(What to do)
Your answer should hold only the lines from the one containing "Настольная роторная стеклянная" through the last line below, copied exactly; pictures stay out.

(Dataset section)

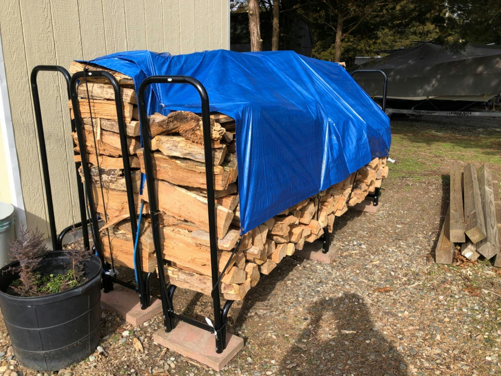 Garvee 8Ft Firewood Rack Stand Heavy Duty Tubular Steel Elevated Design with Fabric Mesh Outdoor Indoor Fireplace Wood Storage Deck Patio
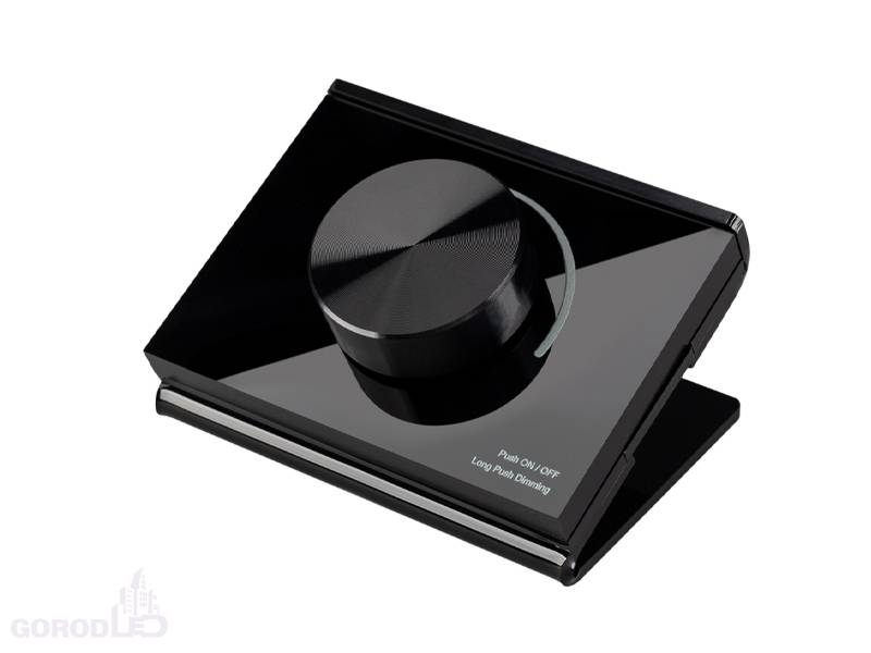 Настольная роторная стеклянная панель 2.4 ГГц, цвет чёрный. Для управления одноцветными источниками света (ШИМ). Управление яркостью с помощью роторного регулятора. Питание/рабочее напряжение 3 VDC от батарейки CR 2032. Габариты 91 х 72 х 52 мм. Панель совместима с диммерами и пультами серии SMART.
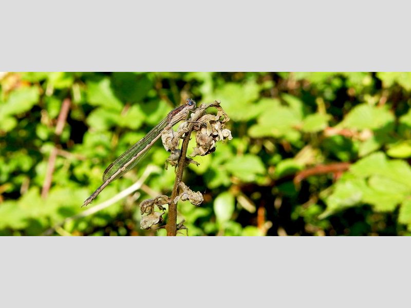 Er zijn, zo laat in het jaar, niet veel libellen meer. Een enkele steenrode of bruinrode heidelibel, paardenbijter of houtpantserjuffer kun je nog tegenkomen. En natuurlijk de winterjuffers! Die zoeken nu hun overwinteringsplekken.

(Response for this exercise)
 Настольная роторная стеклянная панель 2.4 ГГц, цвет чёрный. Для управления одноцветными источниками света (ШИМ). Управление яркостью с помощью роторного регулятора. Питание/рабочее напряжение 3 VDC от батарейки CR 2032. Габариты 91 х 72 х 52 мм. Панель совместима с диммерами и пультами серии SMART.
 Er zijn, zo laat in het jaar, niet veel libellen meer. Een enkele steenrode of bruinrode heidelibel, paardenbijter of houtpantserjuffer kun je nog tegenkomen. En natuurlijk de winterjuffers! Die zoeken nu hun overwinteringsplekken.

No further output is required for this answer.